◆ INFORMATION SHOWN ◆
◆ ◆ ◆ ◆ ◆
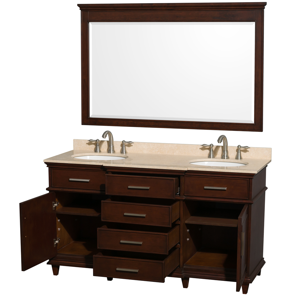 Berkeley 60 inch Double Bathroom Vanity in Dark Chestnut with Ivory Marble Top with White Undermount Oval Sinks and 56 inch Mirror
◆ ◆ ◆ ◆ ◆
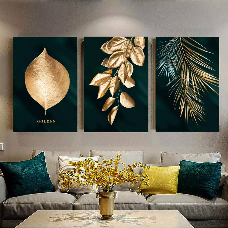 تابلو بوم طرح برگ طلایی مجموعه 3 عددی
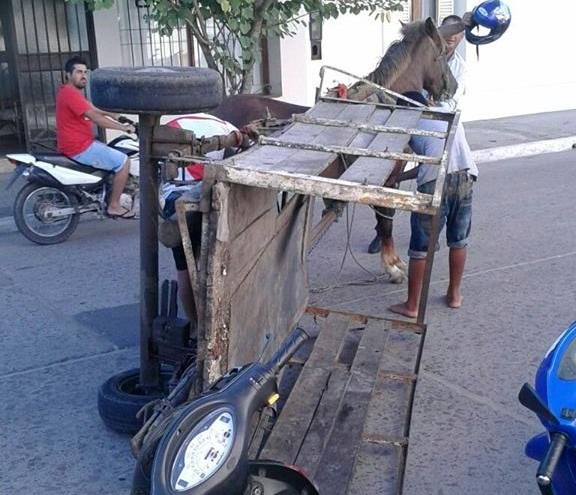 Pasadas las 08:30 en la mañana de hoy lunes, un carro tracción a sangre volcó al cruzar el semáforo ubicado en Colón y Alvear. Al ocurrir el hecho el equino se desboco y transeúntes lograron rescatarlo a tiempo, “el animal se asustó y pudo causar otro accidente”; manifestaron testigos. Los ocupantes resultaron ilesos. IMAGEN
◆ ◆ ◆ ◆ ◆
In the data above, find the line containing "تابلو بوم طرح برگ طلایی مجموعه 3 عددی" and the line containing "Pasadas las 08:30". Repeat those two lines and everything between them exactly, minus the pictures.

◆ REPLY TO THE EXERCISE ◆
 تابلو بوم طرح برگ طلایی مجموعه 3 عددی
 Pasadas las 08:30 en la mañana de hoy lunes, un carro tracción a sangre volcó al cruzar el semáforo ubicado en Colón y Alvear. Al ocurrir el hecho el equino se desboco y transeúntes lograron rescatarlo a tiempo, “el animal se asustó y pudo causar otro accidente”; manifestaron testigos. Los ocupantes resultaron ilesos. IMAGEN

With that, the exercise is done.